Sunday Notes, April 10, 2011

Dear folks,

How do we handle sorrow? This Sunday we will celebrate the Lord’s Supper in obedience to Christ’s command to “Do this in  remembrance of Me.” We are walking with Jesus and His disciples as they have now left Jerusalem and have entered a private garden known as the “Wine Press” on the Mount of Olives.  Jesus needs time to pray alone to His Father to see if there is any other way to save sinful people apart from the Cross. Such was the terrible foreboding He had of the coming agony. We are on holy ground here in Matthew 26:36-46.
I want us to read Isaiah 53:1-12 to understand better “the Man of Sorrows” who was acquainted with grief. Also consider the insight provided by Hebrews 5:6-10 of what was happening as Jesus made this petition to His Father. Psalm 42 is a perfect background for a person in extreme distress.
Jesus told His disciples to “watch and pray that you enter not into temptation”, in other words by being vigilant and praying we can stop the temptation before it starts. We all struggle with temptation, but how do we resist this powerful pull toward evil?
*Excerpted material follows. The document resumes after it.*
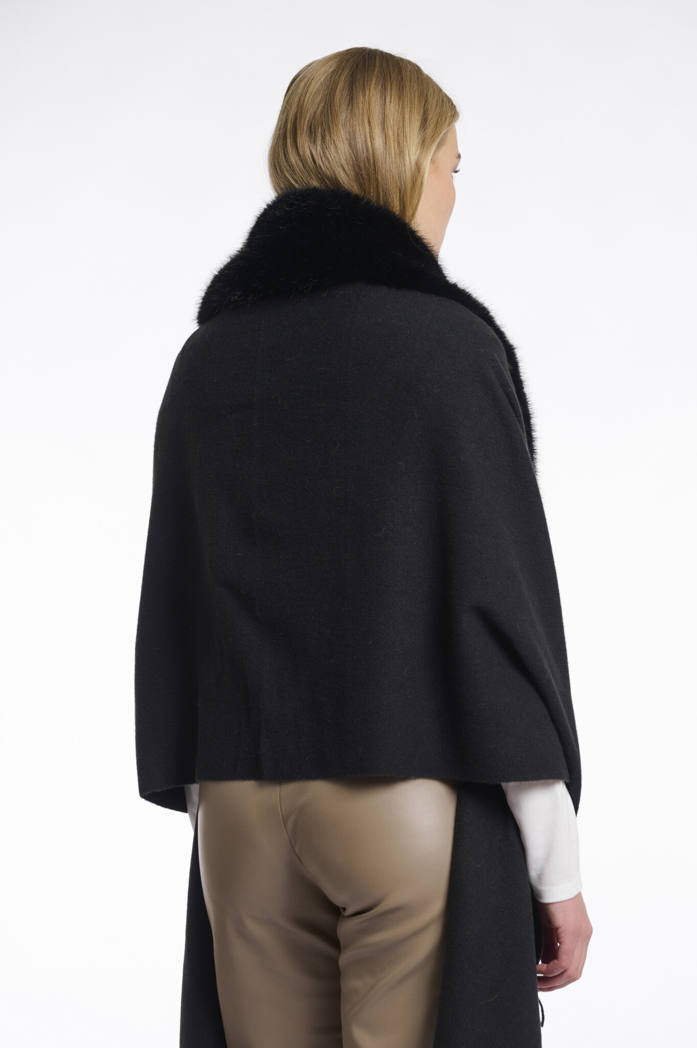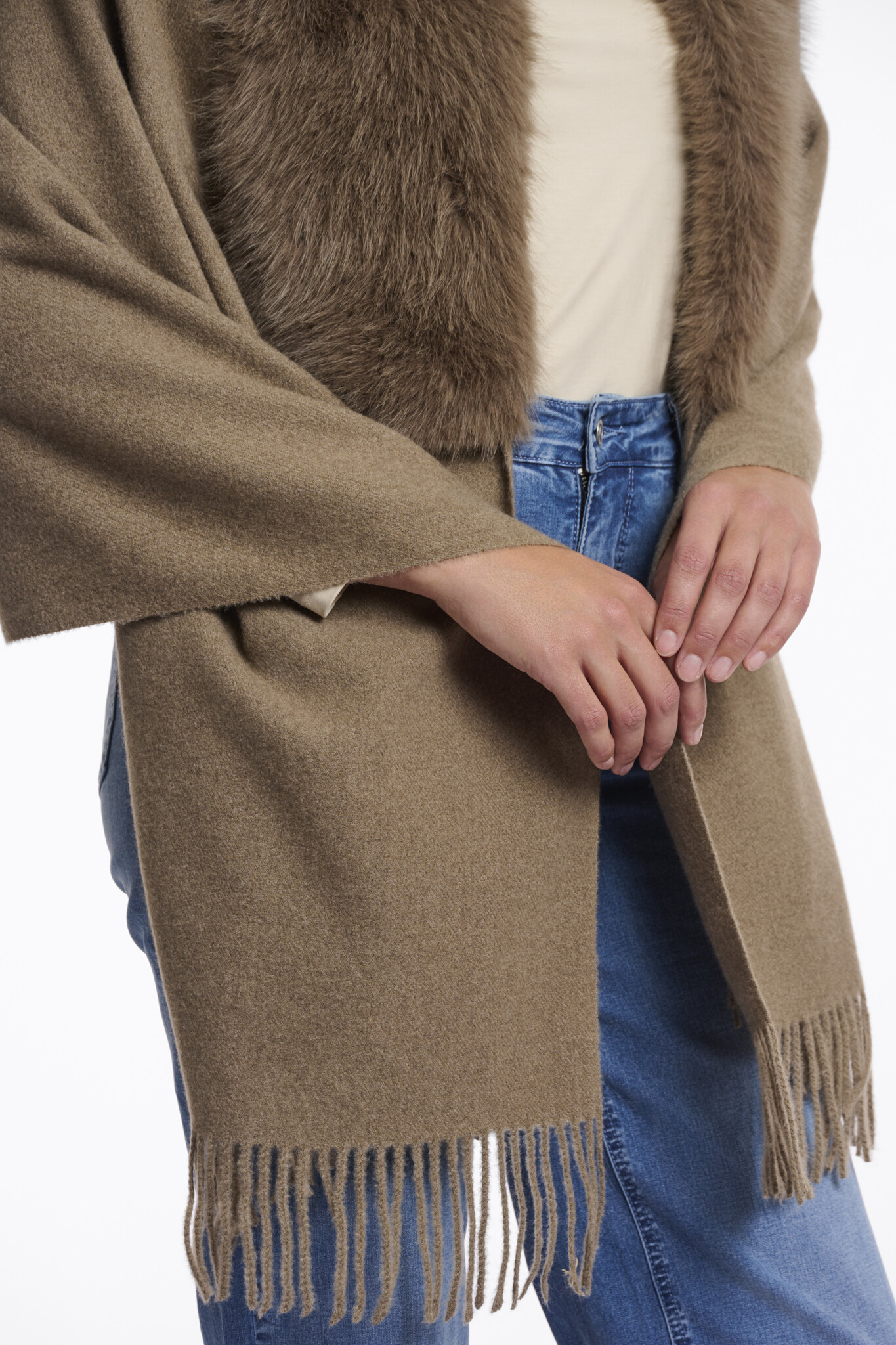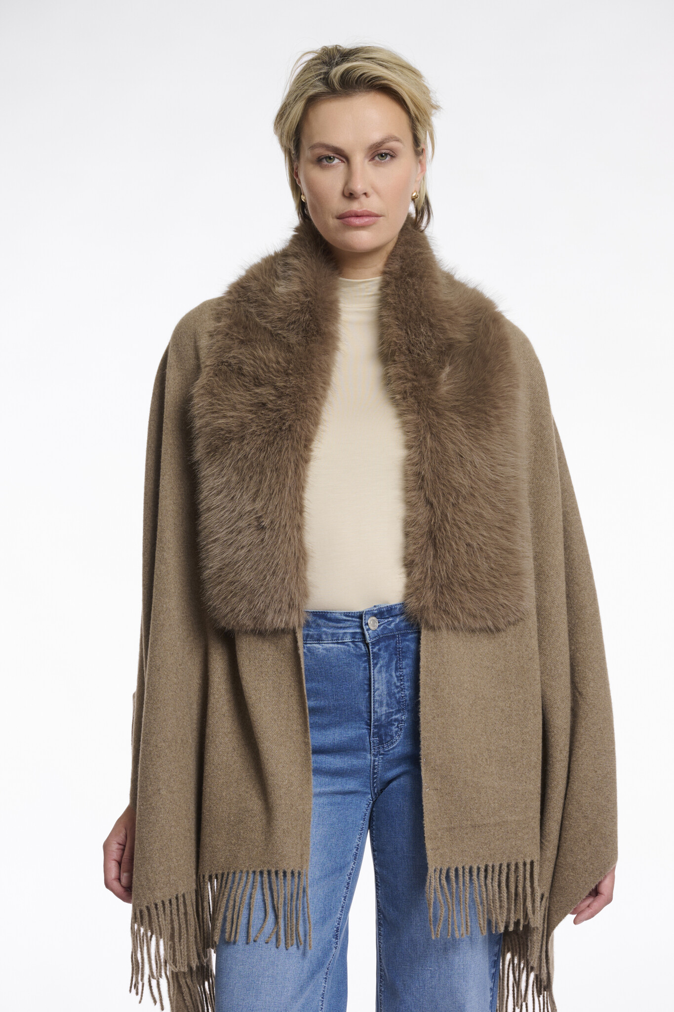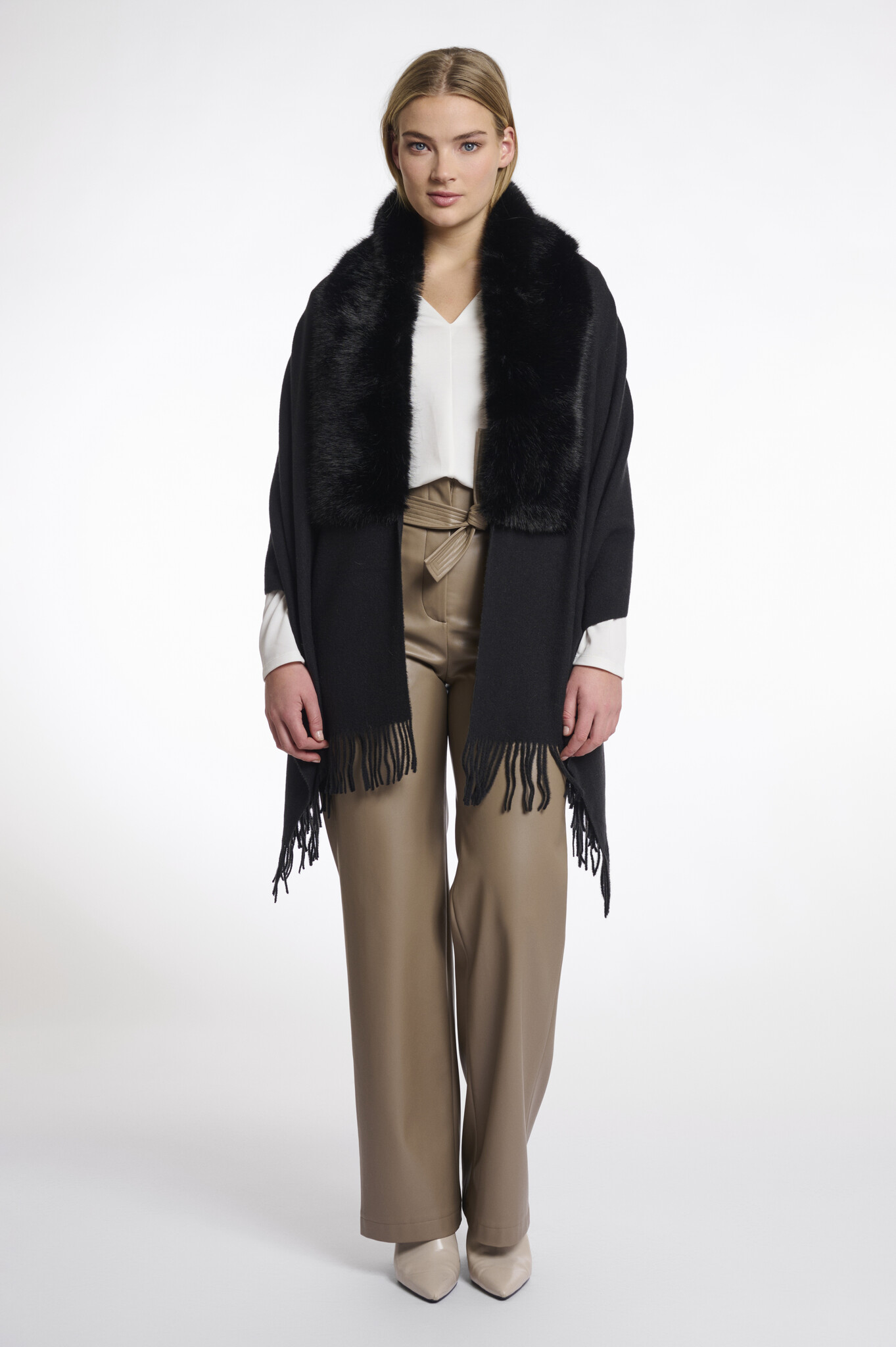 Create a soft, flowing silhouette that drapes effortlessly, keeping you warm and stylish. This poncho with its luxurious faux-fur collar and playful fringe detailing you'll add a touch of glamour to any look.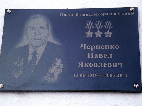 На здании Москаленского районного военного комиссариата установлена мемориальная доска Полному кавалеру ордена Славы – Черненко Павлу Яковлевичу.

Temptation comes from our own sin nature, the circumstances of living in a fallen world and the subtle malicious plans of the devil, the enemy of our soul. We must be diligent in our pilgrimage time on the earth, thinking within the Biblical reality, and not the deceptions and lies of the world which would dismiss the Satanic person as a mythological figure of the Dark Ages. . Our coming death should focus our minds on the issues of our life. Our fight is not against people, but the spiritual forces of darkness that draw us toward greed, lust, gluttony, pride, wrath, envy, and sloth – the seven deadly sins.
So you see the suffering and sorrow our Lord experienced in the garden came partly from His drawing back from having to endure the punishment our sins deserve. Truly He was the sin bearer, the Lamb taking away the sins of the world. He bore our misery and healed our diseases.

See you Sunday,

Lee

 
icon for podpress  A Man of Sorrows [33:56m]: Play Now | Play in Popup | Download

Comments are closed.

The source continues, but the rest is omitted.